Work item:
Please retype the data in full and exactly; the pictures are not part of the copy.

Supplied data:
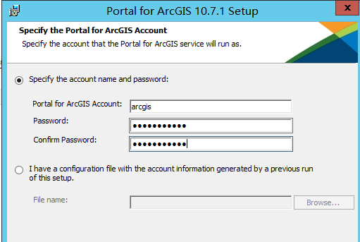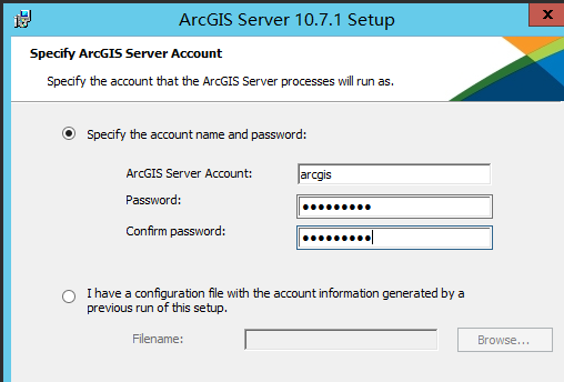 (3)输入 arcgis server 账户的密码(此账户是系统级别账户),此处输入默认
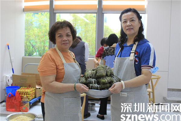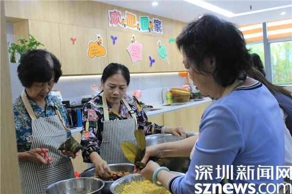 一起包粽子的30名“大厨”中,有社区居民,也有辖区企业员工。年龄最大的73岁,是老围社区的蔡屋围村民,年龄最小的25岁,是辖区企业员工。只见她们围桌而立,双手包着粽子,嘴里说着家常,脸上带着笑,没多大工夫,一个个有棱有角的粽子就在大盆里堆成了小山。每一颗粽子都有家的味道,都带着满满的祝福和对美好生活的憧憬。不少居民在老围社区出生长大,一住就是一辈子,她们见证了社区家园日新月异的变化,她们热爱这块土地,热爱老围社区。
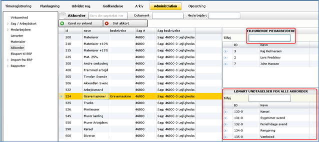 Vedligeholdelse af arter (akkorder) foregår under Administration –> Akkorder. Det er også under dette menupunkt, man skal tilføje medarbejdere til den enkelte art:

Solution to this task:
 (3)输入 arcgis server 账户的密码(此账户是系统级别账户),此处输入默认
 一起包粽子的30名“大厨”中,有社区居民,也有辖区企业员工。年龄最大的73岁,是老围社区的蔡屋围村民,年龄最小的25岁,是辖区企业员工。只见她们围桌而立,双手包着粽子,嘴里说着家常,脸上带着笑,没多大工夫,一个个有棱有角的粽子就在大盆里堆成了小山。每一颗粽子都有家的味道,都带着满满的祝福和对美好生活的憧憬。不少居民在老围社区出生长大,一住就是一辈子,她们见证了社区家园日新月异的变化,她们热爱这块土地,热爱老围社区。
 Vedligeholdelse af arter (akkorder) foregår under Administration –> Akkorder. Det er også under dette menupunkt, man skal tilføje medarbejdere til den enkelte art:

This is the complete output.